– Он прав, – сказал Ле Шапелье. – Такое положение становится невыносимым. Два дня назад господин д’Амбли пригрозил Мирабо тростью перед всем Собранием. Вчера господин де Фоссен обратился к своему сословию, призывая к убийству. «Почему бы нам не напасть на этих мерзавцев со шпагой в руке?» – спросил он. Да, он выразился именно так!
– Это гораздо проще, чем создавать законы, – сказал Андре-Луи.
– Лагрон, депутат от Ансени на Луаре, ответил ему – мы не расслышали, что именно. Когда он покидал Манеж, один из забияк грубо оскорбил его. Лагрон всего-навсего проложил себе дорогу локтями, но какой-то молодчик крикнул, что его ударили, и вызвал Лагрона. Сегодня рано утром они дрались на Елисейских Полях, и Лагрон был убит: ему спокойно, не спеша воткнули шпагу в живот. Его противник дрался как учитель фехтования, а у бедного Лагрона даже не было своей собственной шпаги – пришлось одолжить, чтобы пойти на дуэль.
Андре-Луи, думавшего о Вильморене, история которого повторялась вплоть до мельчайших подробностей, охватило волнение. Он сжал кулаки, стиснул зубы. Маленькие глазки Дантона следили за ним пристальным взглядом.

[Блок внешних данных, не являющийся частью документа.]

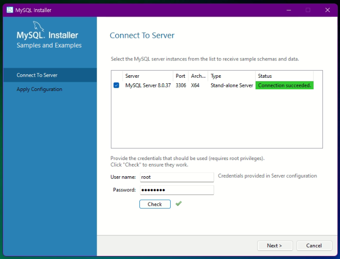 설치 과정에서 입력한 root 비밀번호를 입력 후, Check 클릭, 확인되면 Next 클릭
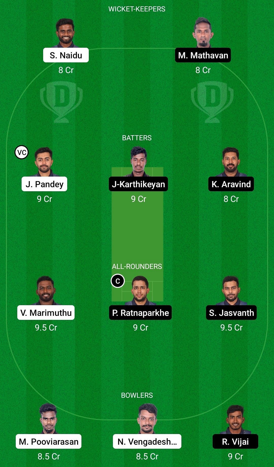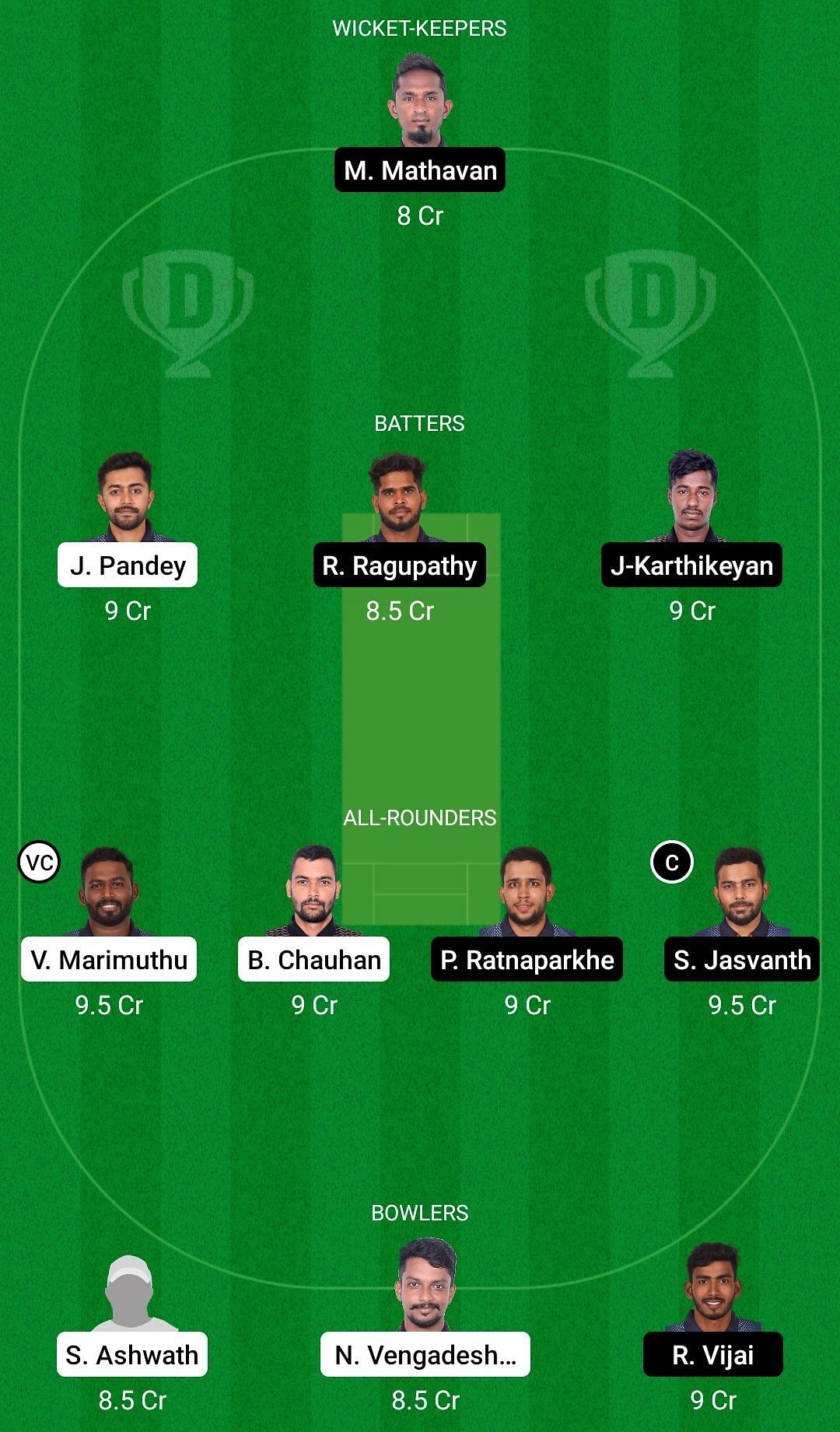 Fantasy Suggestion #1: M Mathavan, Jay Pandey, R Ragupathy, J Karthikeyan, Vikneshwaran Marimuthu, Bhupender Chauhan, Paras Ratnaparkhe, S Jasvanth, S Ashwath, N Vengadeshwaran, R Vijai

– Итак, что вы думаете? Положение обязывает? Дело в том, что мы тоже должны обязать их, этих… Мы должны отплатить им той же монетой, уничтожить их. Надо столкнуть этих убийц в бездну небытия их же средствами.
– Но как?
– Как? Черт подери! Разве я не сказал?
– Для этого-то нам и нужна ваша помощь, – вставил Ле Шапелье.
– У вас, вероятно, есть способные ученики, а среди них – те, которые питают патриотические чувства. Идея Дантона заключается в том, чтобы небольшая группа этих учеников во главе с вами хорошенько проучила задир.
Андре-Луи нахмурился.
– А каким именно образом, полагает господин Дантон, это можно осуществить?
Господин Дантон неистово высказался сам:
– А так: мы проведем вас в Манеж в час, когда в Собрании оканчивается заседание, и покажем шесть главных кровопускателей. Тогда вы сможете их оскорбить раньше, чем они успеют оскорбить кого-то из представителей. А на следующее утро самим… кровопускателям пустят кровь secundum artem,[148]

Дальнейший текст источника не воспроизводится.